Staff Sgts. Zachary Holschuh and Jose Hernandez, 56th CES EOD team leaders, unload exploding cutting tape in preparation for the day’s work. The ECT is used to cut through empty and concrete ordnance.

“EOD forces accomplish the mission using safe disposal procedures developed to counter U.S., Allied, or enemy explosive ordnance discovered in a hazardous condition due to accidents or other circumstances,” said Chief Master Sgt.
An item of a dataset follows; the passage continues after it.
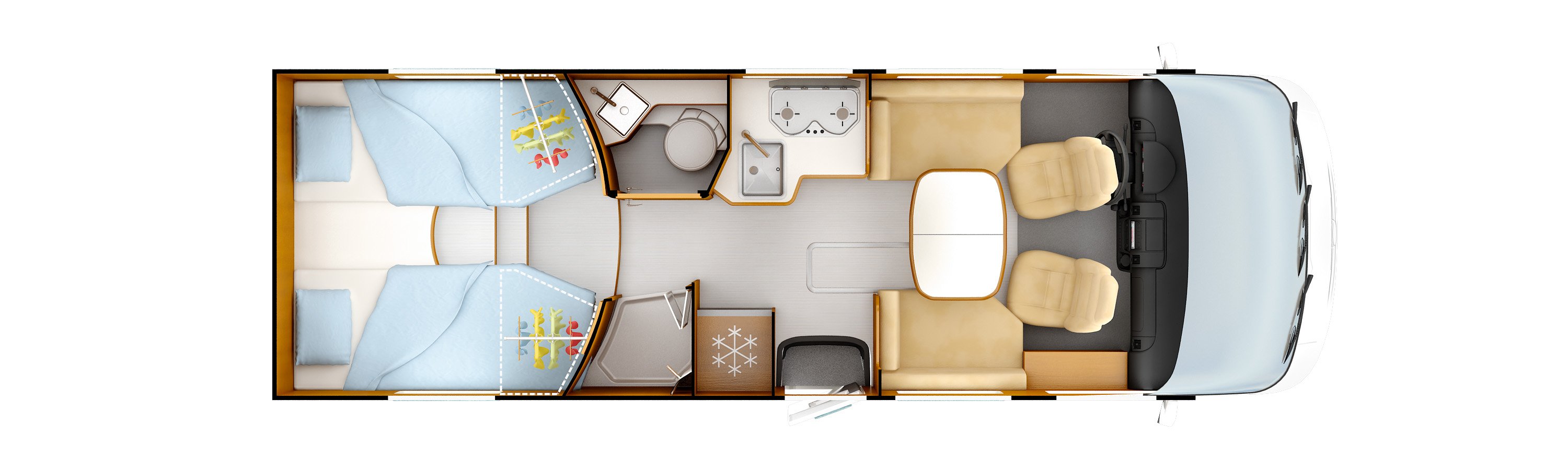 Makuupaikkoja löytyy vakiona neljälle, mutta lisävarusteena on mahdollisuus valita sähkökäyttöinen laskuvuode takaosaan, jolloin makuupaikkoja on jopa kuudelle.
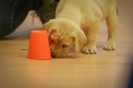 Topáz kölykei lelkesen vetették bele magukat a kihívást jelentő, játékos feladatokba: héthetes korukban megtartottuk az első kölyöktesztjüket. Kölyöknevelő koordinátorunkkal arról beszélgettünk, hogyan keres párokat a nevelők és a kölykök körében.

William Ewing, 56th CES EOD flight chief. “EOD forces must be capable of countering threats from weapons of mass destruction, conventional and chemical unexploded ordnance and improvised explosive devices that may be from enemy or friendly forces.”

As a former CE Airman, Mazza said being in the field with the EOD Airmen reminded him of the pride he has in the career field.

“I had a great time spending the day with EOD Airmen,” he said. “What they bring to the fight is immeasurable. Clearing and rendering the BMGR safe is vital to the 56th Fighter Wing’s mission. This was also a reunion of sorts, since I was the squadron chief for a couple of these guys a few years back.”
 

Staff Sgt. Zachary Holschuh, left, 56th Civil Engineer Squadron Explosive Ordnance Disposal team leader, and Tech. Sgt. Christopher Mueller, 56th CES EOD team leader, lay out explosive cutting tape across undetonated ordnance Jan. 30 at the BMGR. The ECT is used to cut through empty and concrete ordnance.

 

Senior Airman Seth Huff, 56th CES EOD team member, organizes dud ordnance using a skip loader. Once they are placed in a bomb line, they’re cut open with ECT to expose the inside for inspection.